Biography
Hallie Watson spends her winters in Halifax and her summers in Mono Township, Ontario. She began her drawing life at the Banff School of Fine Arts when she was 16. She earned a BFA at Mount Allison University and spent a year in the winter painting program in Banff following her graduation. She has work in collections in France, Germany, the U.S. and Canada. Hallie is represented by Zwicker’s Gallery in Halifax, NS and by Jo Beale Gallery in Glen Margaret, NS. You can see more of her work on her website, www.halliewatson.com
Artist Statement
It takes four to eight hours to make a landscape in the Park. Sitting somewhere in the wild growth, I shuck the city and acclimatize to the rhythms of nature. The sun is on my skin. There are the sounds of wind through the leaves, and squirrels tell me they see me. Chickadees sometimes land on my drawing board. Crows call. The ocean is blazing and sparkling with sunlight. It’s so bright I can’t look at it. The waves are in constant rhythmic motion. The tide comes in. The sun moves across the sky. I can smell the earth and leaves. There is imperceptible movement; the green process of chlorophyll, the upward twisting of bark and branches. These natural movements of growth are always there, a background of life, a gently humming wavelength, that is largely unnoticed in city living.

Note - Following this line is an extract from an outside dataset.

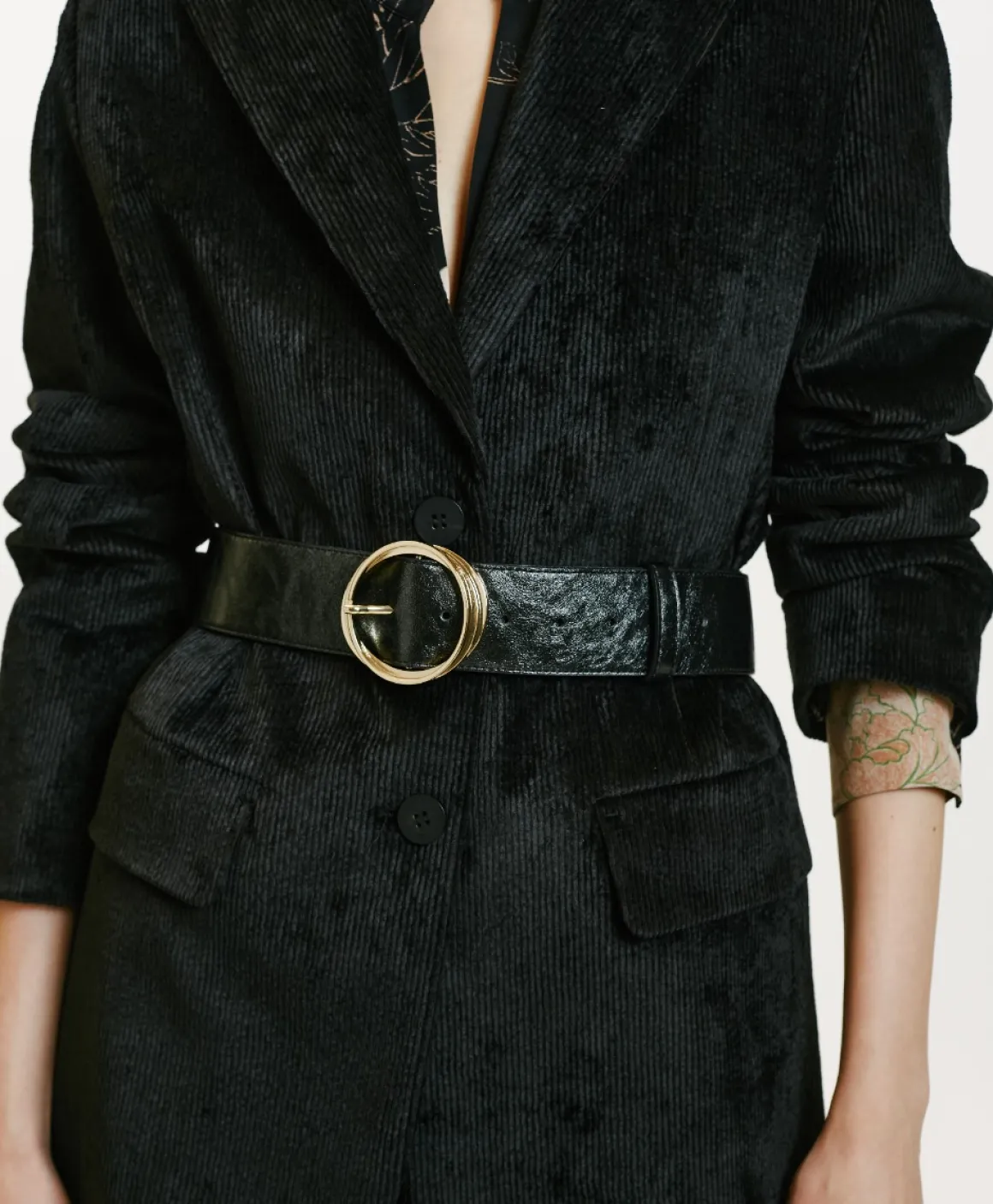Cintura in ecopelle laminata, con fibbia tonda, galvanica oro chiaro.

Many people visit the Park. Leased from the Queen for a pound a year, it is a special element of Halifax that is cherished by its inhabitants and shared by joggers, walkers, dogs, children, talkers, baskers, readers, and thinkers. They walk along the civilized paths and roads, that are tamed lines carved through natural disorder.

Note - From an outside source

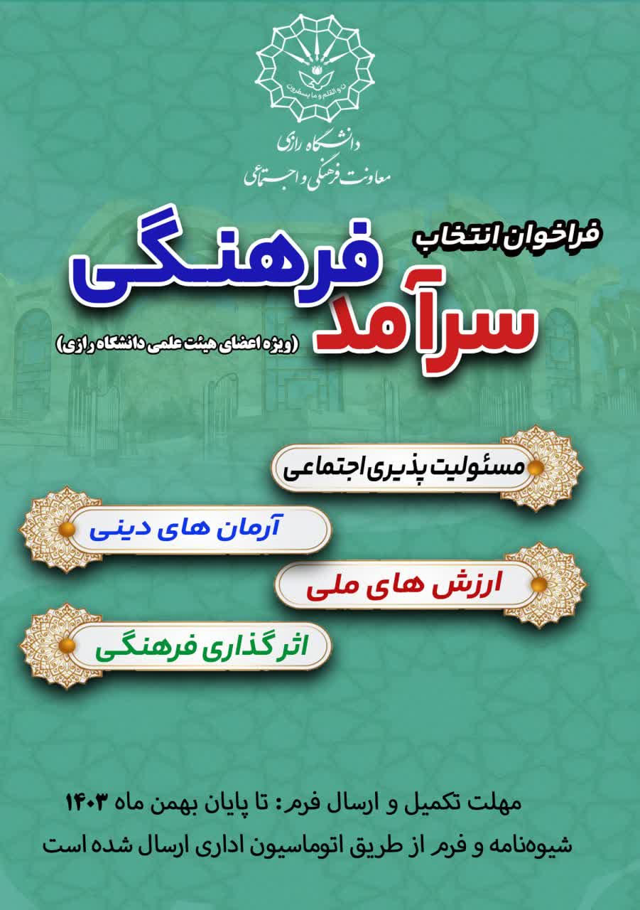 940 فراخوان انتخاب سرآمد فرهنگی (اعضای هیأت علمی) معاونت فرهنگی و اجتماعی دانشگاه رازی فرآیند انتخاب سرآمدان و استاد نمونه فرهنگی اعضای هیأت علمی را آغاز نموده است. مراحل شرکت در این فرآیند به شرح...
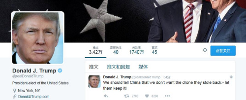 【環球網綜合報道】美國當地時間12月17日晚間,美國當選總統特朗普在推特上表示,“我們應該告訴中國,他們偷走的無人潛航器我們不想要了,就讓他們留著吧!”

In 2003, hurricane Juan rolled over the park, making open spaces where there had been dense forest, and a tangle of fallen trunks where shaded trees once grew. It has been 10 years since then and the regrowth is well under way. Some of the old pines survived and stand tall still, watching over the quick emergence of the new generation of trees coming up amongst the fallen branches. What were initially tiny trees are taller now, over our heads, and the circle is complete, the green creative growth balancing the past destructive forces of the storm.